Cite this asSullivan JD (2021) COVID-19 and end stage renal disease treatment modalities in the United States. Arch Renal Dis Manag 6(1): 010-014. DOI: 10.17352/2455-5495.000036
Copyright© 2021 Sullivan JD. This is an open-access article distributed under the terms of the Creative Commons Attribution License, which permits unrestricted use, distribution, and reproduction in any medium, provided the original author and source are credited.

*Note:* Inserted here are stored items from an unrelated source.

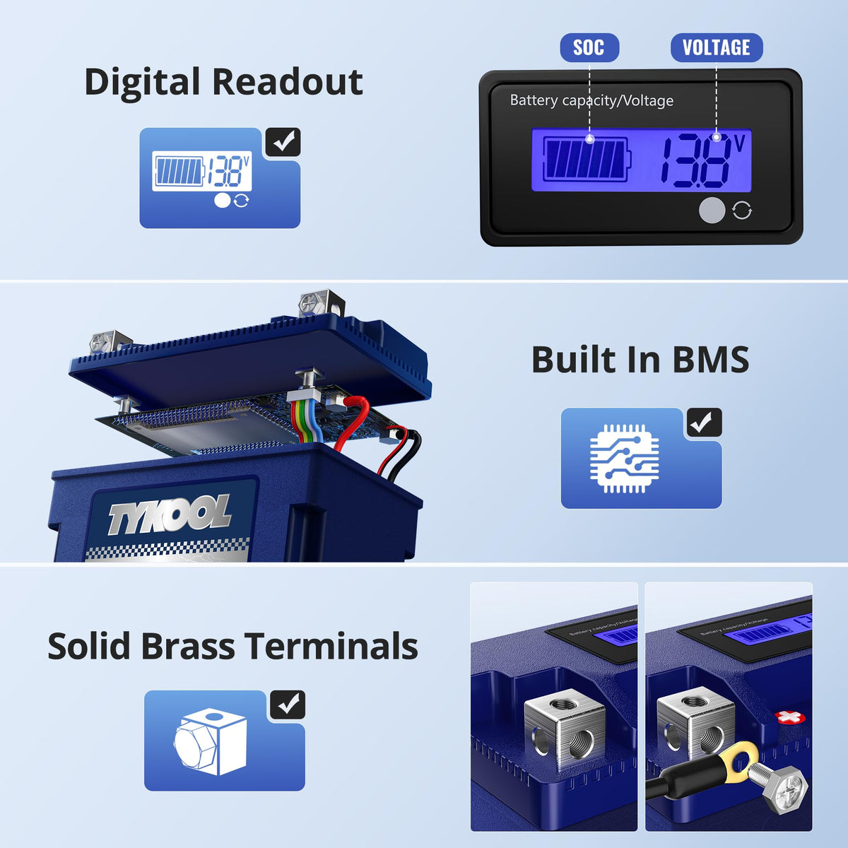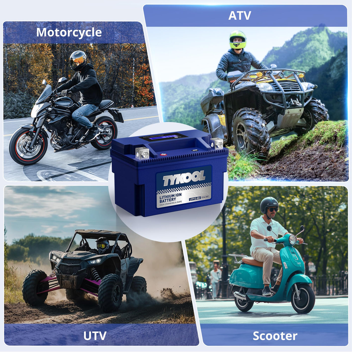 TYKOOL Lithium Powersports Battery,Powerful & Maintenance-Free! Main Parameters: Size: 5.91*3.42*5.12 in(L*W*H); Polarity:[+ -]; Weight:2.43 Pounds; Voltage: 12.8 V; Capacity: 6 Ah; CCA:360. Upgrade to instant power-no acid, no maintenance, and ready to ride. At just 2.43 lbs (5X longer life than lead-acid), it delivers 400A starting power (360A CCA) with 4000+ charge cycles. The smart BMS protects against extreme temps, overcharge, and shorts, while IP67 waterproofing and a digital SOC/voltage display keep you informed. Recharges 5X faster, so you spend less time waiting and more time riding. Backed by 24/7 U.S. support.
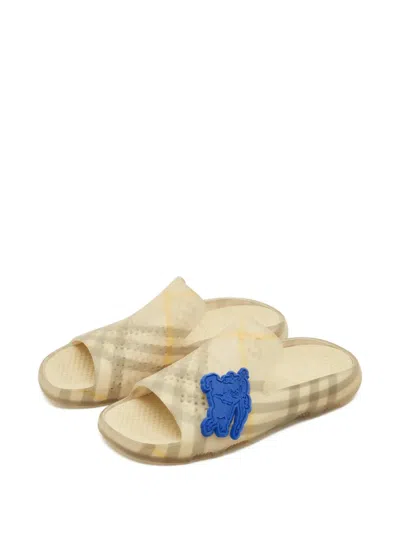 Pre-owned Check-pattern Open-toe Slides In Neutral
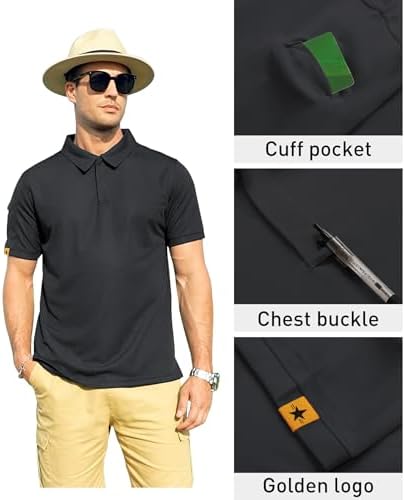 FABRIC FEATURES: Soft, Lightweight, Breathable, Comfortable. Casual Short Sleeve Summer Polo Shirts for Men UNIQUE DESIGN: Men's athletic polo shirt the ring buckle design under the placket is convenient for carrying sunglasses/microphones. Sleeve pocket design makes it easy to carry small items such as keys/headphones MOISTURE WICKING: Men's golf polo shirts are made quality four-Way Stretch/breathable and Moisture Wicking fabric helps to wick away moisture and rapid cooling technology keep you cool. A synthetic of polyester and spandex can be very durable, abrasion-resistant, and stretchy enough to allow for better mobility ALL DAY COMFORT: Mens polo shirts are suitable for various occasions such as business casual, company, work, tennis, golf, soccer, tactical training, vacation travel, daily casual, fitnes, jogging, holiday, walking, festival, football sports or four seasons all day wear. Of course these men casual stylish shirts are always the best gift for family and friends WASH TIP: Machine wash/Hand wash. Don't Bleach. Our polo shirts for men last long and well made, great value. Easy to care for, fantastic coming out of the dryer, good enough to be a golf shirt or business casual. Please refer to the measurement chart when you place the order. Click our store to view more our golf apparel #199 in Clothing, Shoes & Jewelry ( ) #2 in
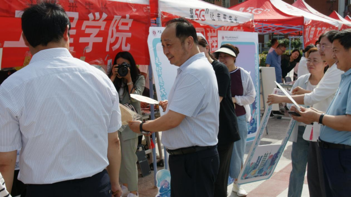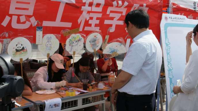 彩旗飘扬,热闹的氛围里,帐篷下忙碌的身影……2023年5月15日下午2:30分,在骄阳似火的天空下,在郑州校区员工活动中心、北广场、开封校区南院的职业教育活动周开幕式正式开始。尽管天气炎热,却不消同学们的活动激情,展位中的同学们精神饱满神采奕奕,前来参与的同学们也喜气洋洋,公司领导到各个展位前参观,一片热闹景象。
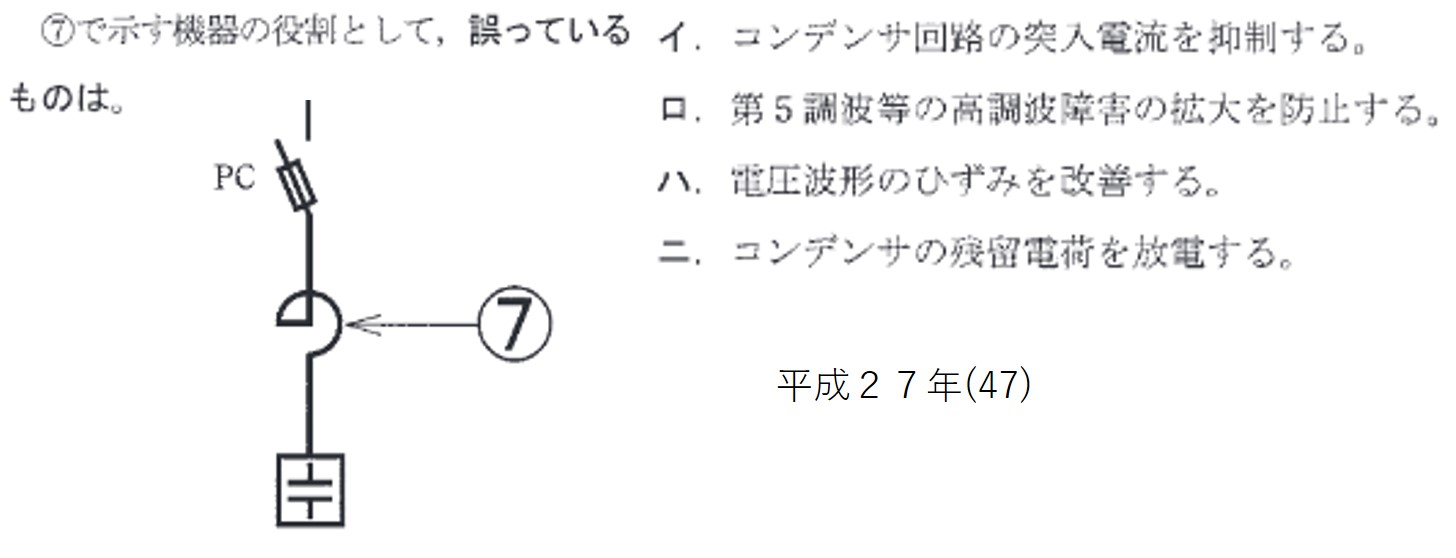 | (4) | 二 | ➆で示す機器は直列リアクトルであり、高調波を抑制する働きがある。 |
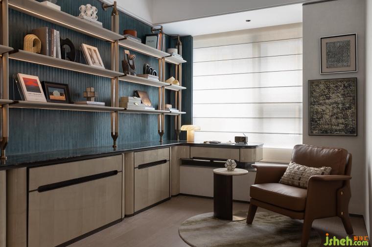 樣板房設(shè)計(jì)集收藏、私享于一體的書房區(qū),摒棄冗雜的裝飾,展示架墻面與特殊木紋墻紙拼接,勾勒出立體層次。同時(shí)利用柜體增設(shè)折疊床,以靈活實(shí)現(xiàn)展開或折疊之態(tài),打造成多功能靈動(dòng)空間。
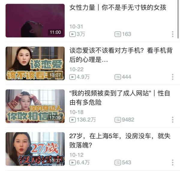 我们也可以在她的视频中看到更多的女性视角,比如“家暴妇女的绝望”、“你不是手无寸铁的女孩”、“女性安全何以实现”等等主题,都是她日常输出的观点。在这些讨论女性相关问题的视频中,她同样会引经据典,在输出观点的同时用自己所看过的书作为佐证,丰富视频内容,也向粉丝们传递着正向的价值观。
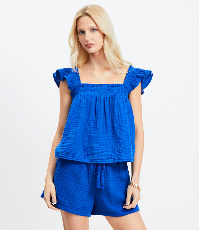 LOFT Beach Triple Cloth Ruffle Strap Top
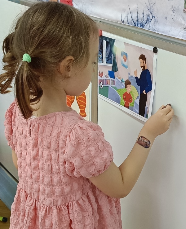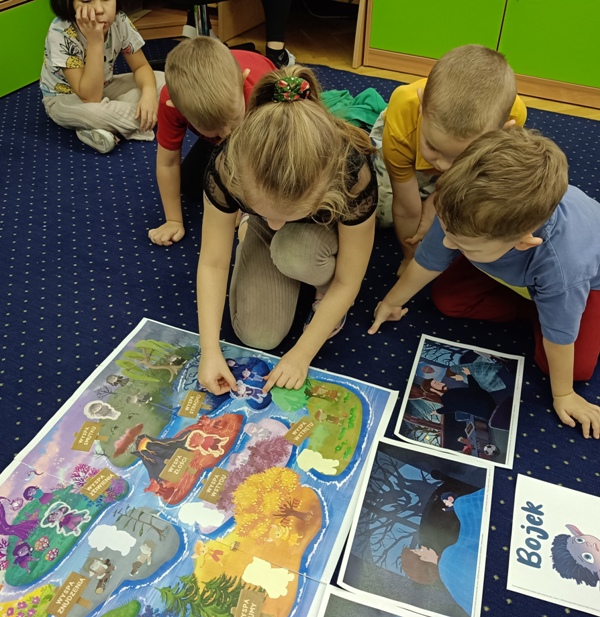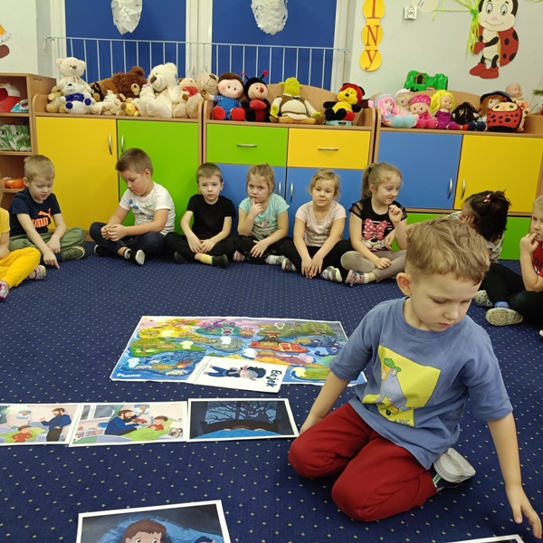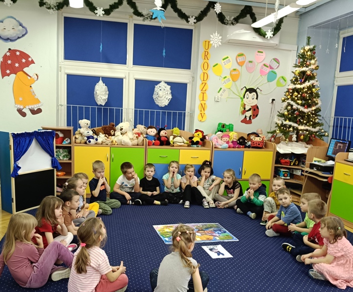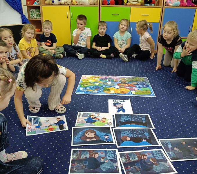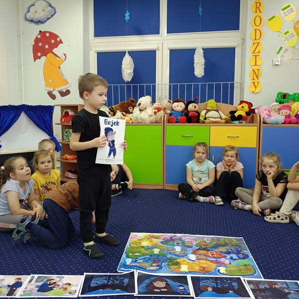 Podczas grudniowych zajęć przedszkolaki poznały kolejnego bohatera w ramach programu edukacyjnego „Czuciaki z Krainy Emocji”. Dzieci wysłuchały bajki „Bojek z Wyspy Strachu”, w której mały bohater pomaga chłopcu Jankowi oswoić nocne lęki. Po wysłuchaniu opowieści rozmawialiśmy o tym, czego boją się dzieci i jak można radzić sobie ze strachem. Przedszkolaki chętnie dzieliły się swoimi pomysłami i odkryły, że odwaga to nie brak strachu, ale umiejętność poradzenia sobie z nim — tak jak zrobił to Janek i Bojek.
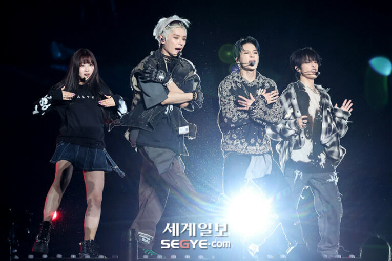 가수 지젤, 태용, 제노, 양양(사진 왼쪽부터)이 20일 오후 경기 수원월드컵경기장에서 열린 'SMTOWN LIVE 2022 : SMCU EXPRESS @HUMAN CITY_SUWON'에서 멋진 무대를 선보이고 있다.
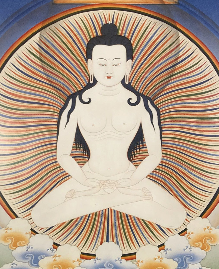 Tapihritsa, born in the seventh to eighth century to a nomadic family in Zhang Zhung (now northwestern Tibet), is considered both a historical figure and an enlightened being who represents the true nature of reality.Tapihritsa was the 25th master in an orally transmitted lineage, known as the Zhang Zhung Nyen Gyü, who transmitted dzogchen pith instructions on the nature of the mind. All these masters attained the rainbow body, or body of light, meaning that the physical body disappeared upon their passing, leaving no trace other than hair and fingernails. After achieving the rainbow body, Tapihritsa later appeared as a young boy to offer guidance and teachings to Nangzher Löpo. He allowed his student to write down the core teachings for the benefit of future generations. Tapihritsa is often held as the central image of refuge in Lamai Naljor, or Guru Yoga.

From the establishment of nearly universal health coverage for end stage renal disease in 1972 to 2021, the primary treatment modality has been in-center hemodialysis despite significant advances in home therapies such as peritoneal dialysis and home hemodialysis. There are many theories as to why peritoneal and home hemodialysis lack so far behind in prescriptions with profitability and or a patient’s compliance or support leading the logical explanations. But 2020 was a different year with the surge in COVID-19 cases. A likely forecast would be that treatment prescriptions for new patients would shift, at least modestly, from the traditional in-center regime to home therapies. This does not appear to be the case with very small numbers of new patients utilizing peritoneal and home hemodialysis. A simple high-level conclusion may be drawn assuming that the nephrology community simply followed the historical trends and continued to promote in-center treatments under the supervision of clinical support staff with in-direct services from dieticians and social workers.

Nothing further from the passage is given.